**YOUR INSTRUCTIONS**
Take the lines in the listing below from the line with "- 特別角鉸鏈開關活動有兩種:緩衝(BLUMOTION)與無彈簧款式(TIP-ON)鉸鏈可與 TIP-ON" up to and including the line with "Das Badezimmer im" and set them down exactly, skipping pictures and adding nothing.

**RECORDS FOR THE EXERCISE**

--- --- ---

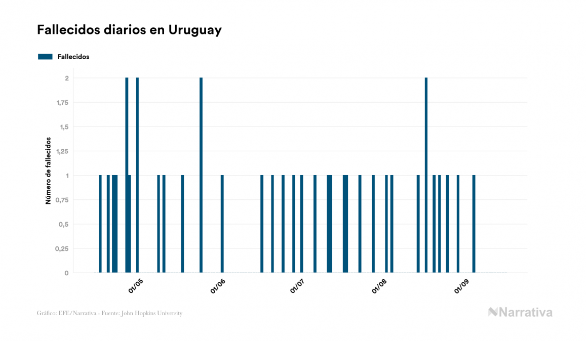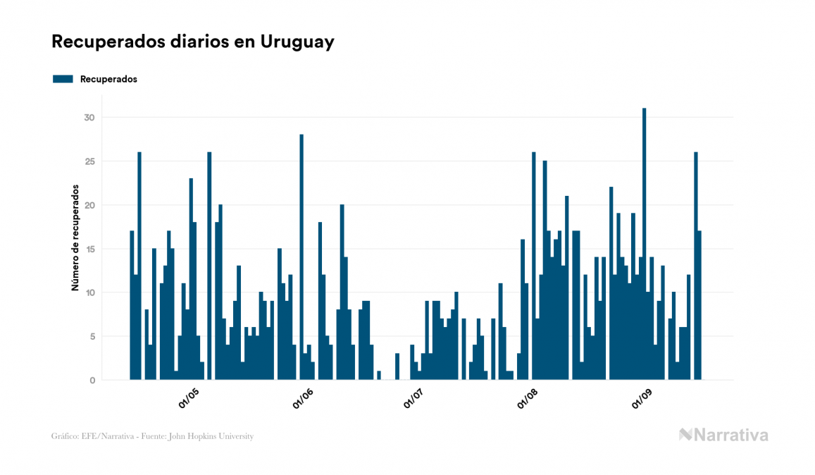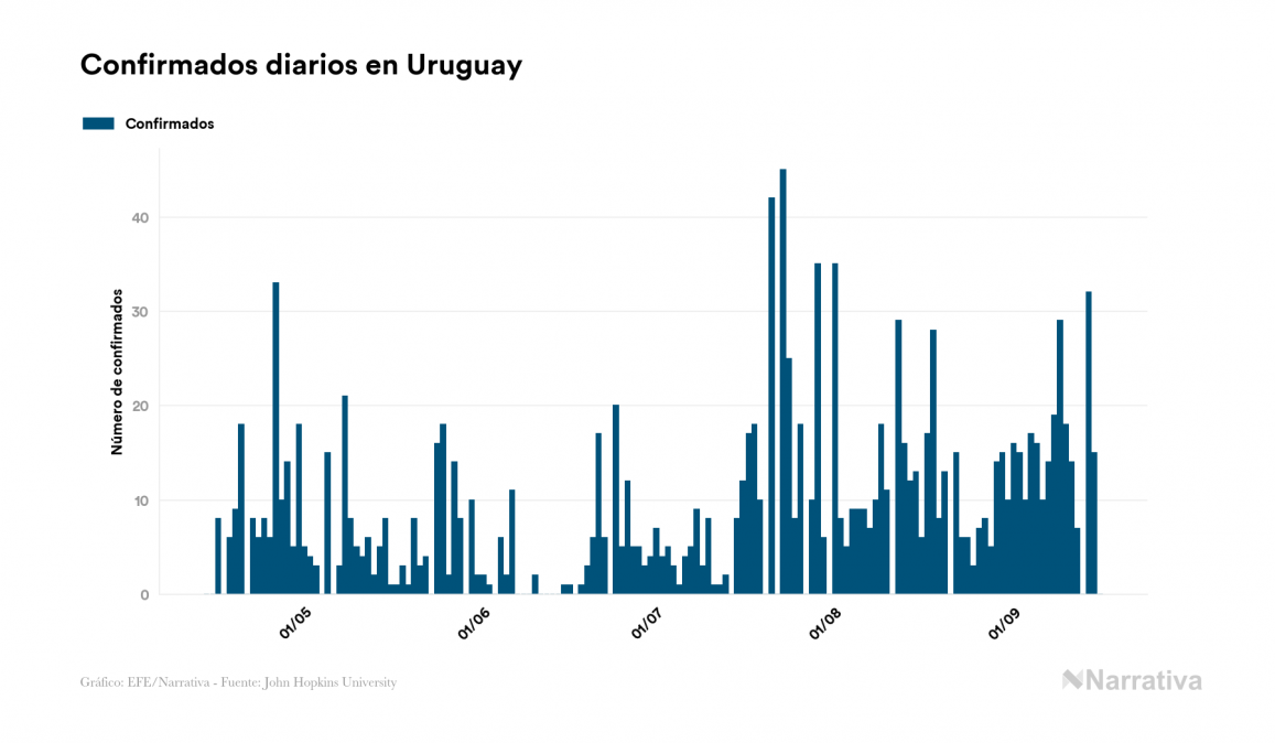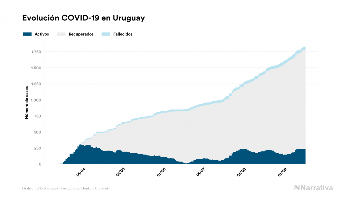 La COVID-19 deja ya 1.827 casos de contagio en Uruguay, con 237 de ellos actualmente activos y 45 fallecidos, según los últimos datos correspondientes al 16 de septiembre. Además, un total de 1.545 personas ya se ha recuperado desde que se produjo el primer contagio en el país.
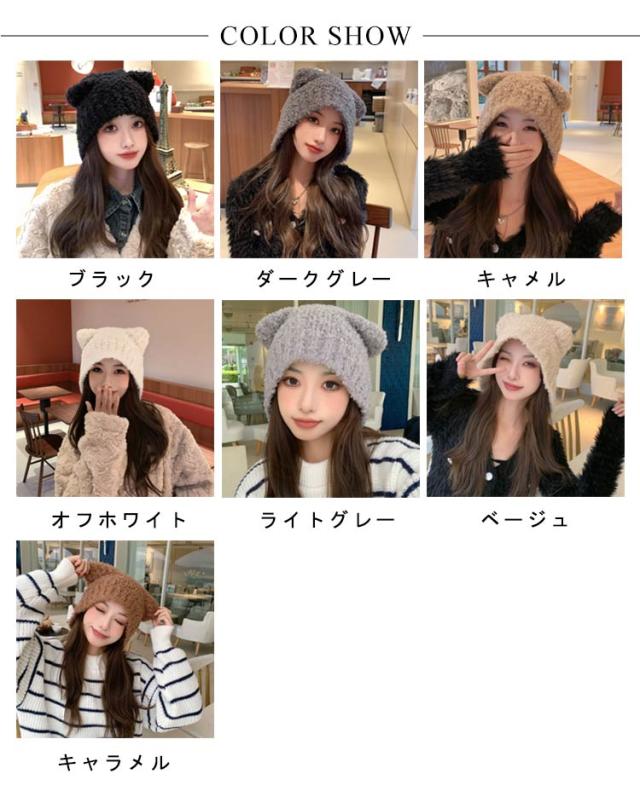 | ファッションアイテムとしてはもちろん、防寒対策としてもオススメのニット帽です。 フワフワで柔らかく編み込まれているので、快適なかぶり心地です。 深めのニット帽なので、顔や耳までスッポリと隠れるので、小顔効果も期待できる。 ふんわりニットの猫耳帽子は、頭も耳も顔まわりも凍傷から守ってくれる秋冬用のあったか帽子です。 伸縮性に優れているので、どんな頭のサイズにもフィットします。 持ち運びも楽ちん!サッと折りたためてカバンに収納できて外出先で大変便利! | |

--- --- ---

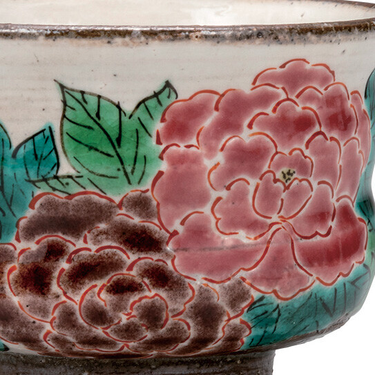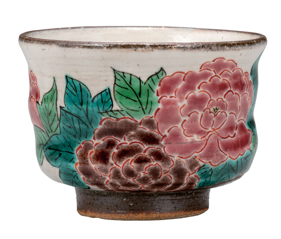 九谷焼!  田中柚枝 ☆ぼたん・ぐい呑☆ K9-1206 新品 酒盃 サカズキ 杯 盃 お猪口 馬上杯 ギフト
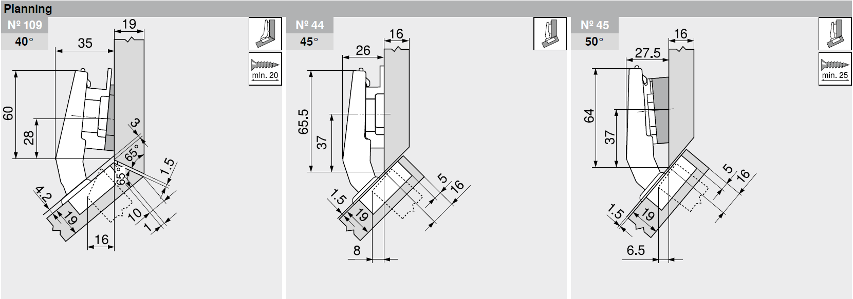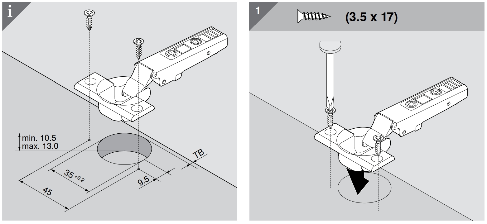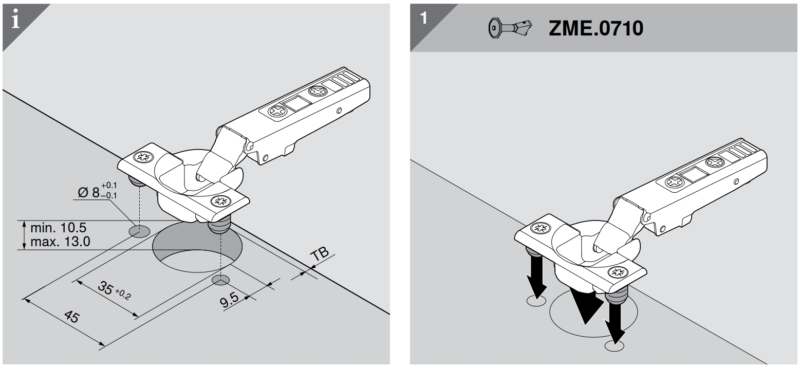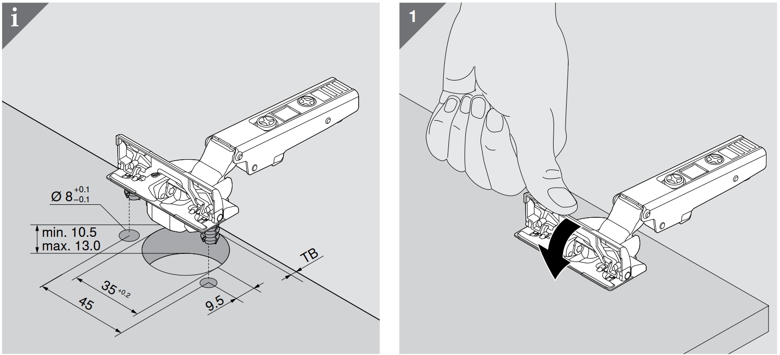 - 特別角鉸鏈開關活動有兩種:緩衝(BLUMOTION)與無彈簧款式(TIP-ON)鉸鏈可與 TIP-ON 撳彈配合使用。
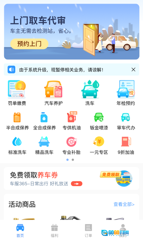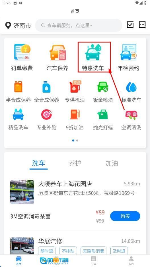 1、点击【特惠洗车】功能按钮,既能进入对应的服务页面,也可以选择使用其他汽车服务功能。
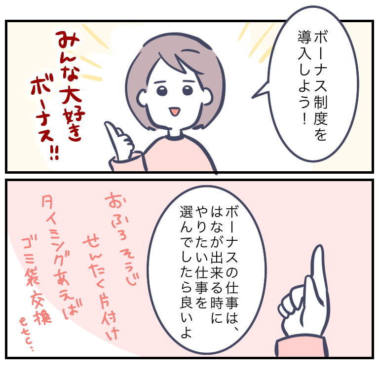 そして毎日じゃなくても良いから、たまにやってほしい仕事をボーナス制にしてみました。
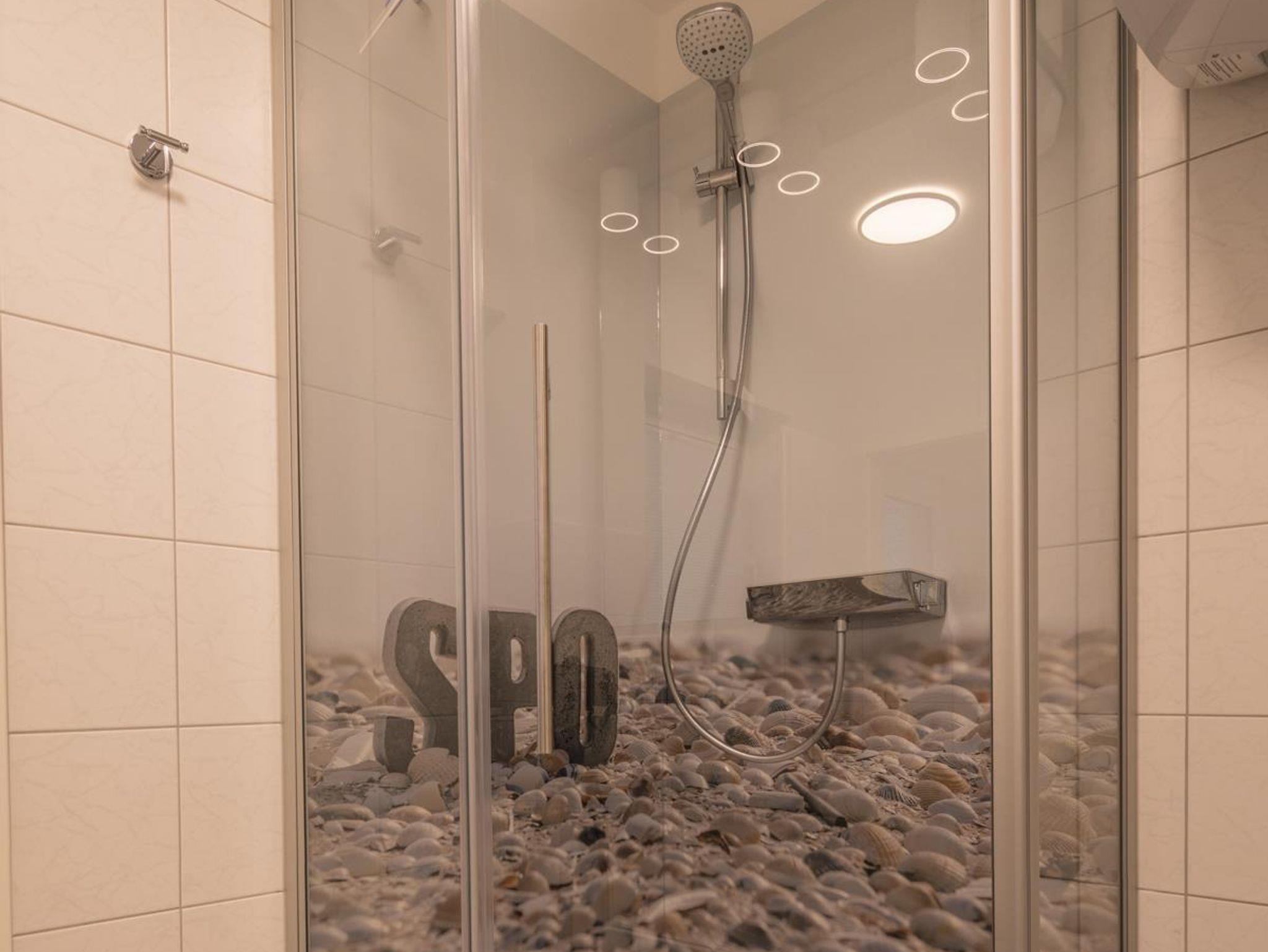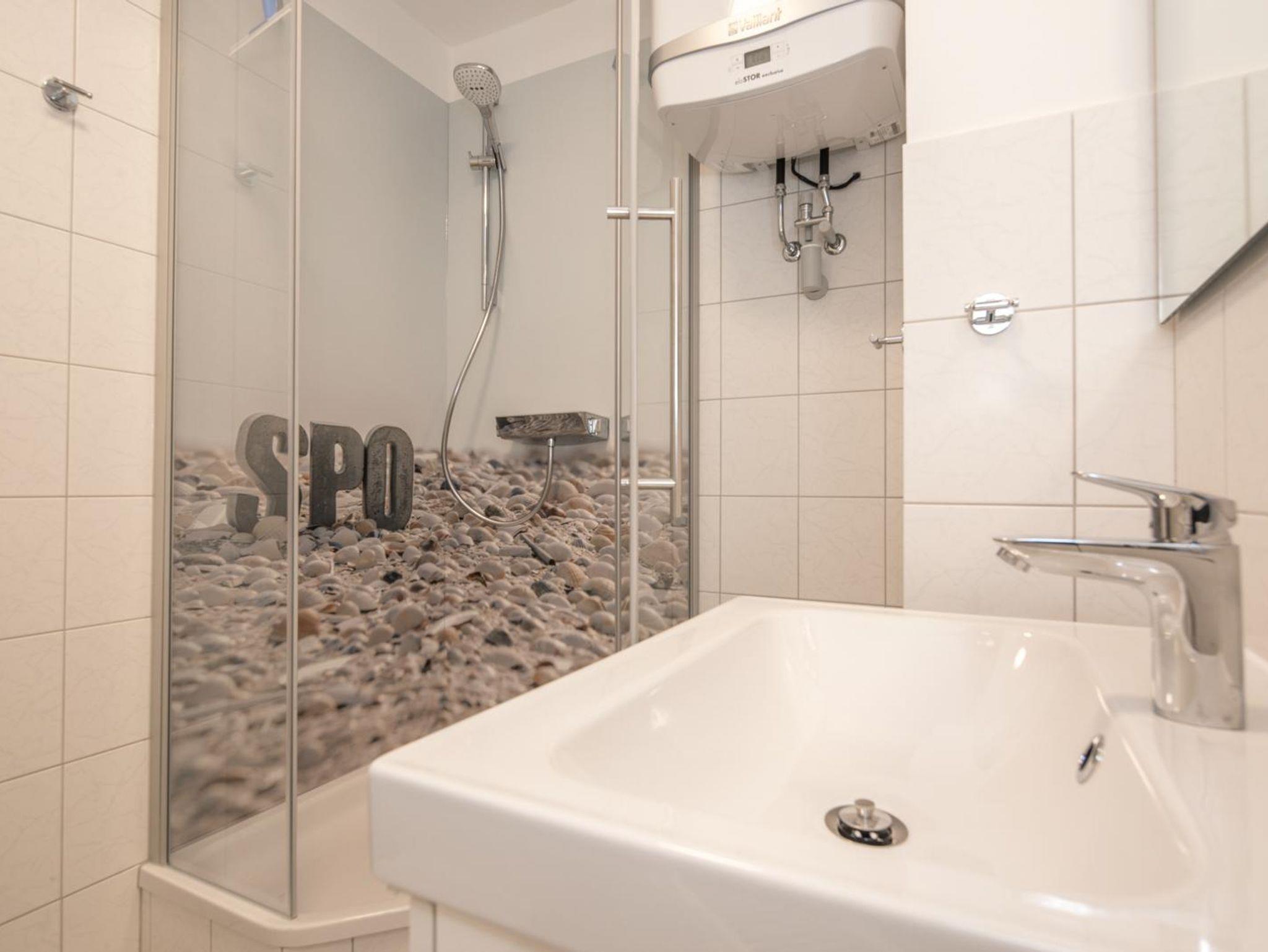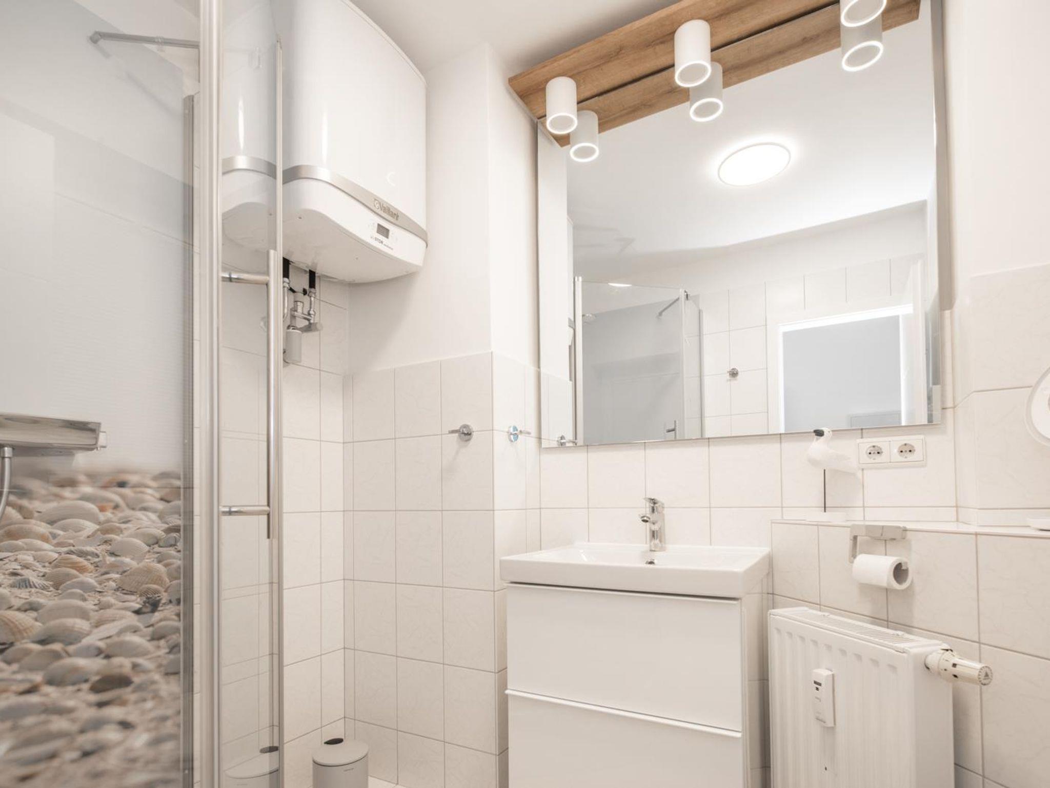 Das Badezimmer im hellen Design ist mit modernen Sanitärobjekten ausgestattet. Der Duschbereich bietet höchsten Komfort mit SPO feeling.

--- --- ---

**SOLUTION**
 - 特別角鉸鏈開關活動有兩種:緩衝(BLUMOTION)與無彈簧款式(TIP-ON)鉸鏈可與 TIP-ON 撳彈配合使用。
 1、点击【特惠洗车】功能按钮,既能进入对应的服务页面,也可以选择使用其他汽车服务功能。
 そして毎日じゃなくても良いから、たまにやってほしい仕事をボーナス制にしてみました。
 Das Badezimmer im hellen Design ist mit modernen Sanitärobjekten ausgestattet. Der Duschbereich bietet höchsten Komfort mit SPO feeling.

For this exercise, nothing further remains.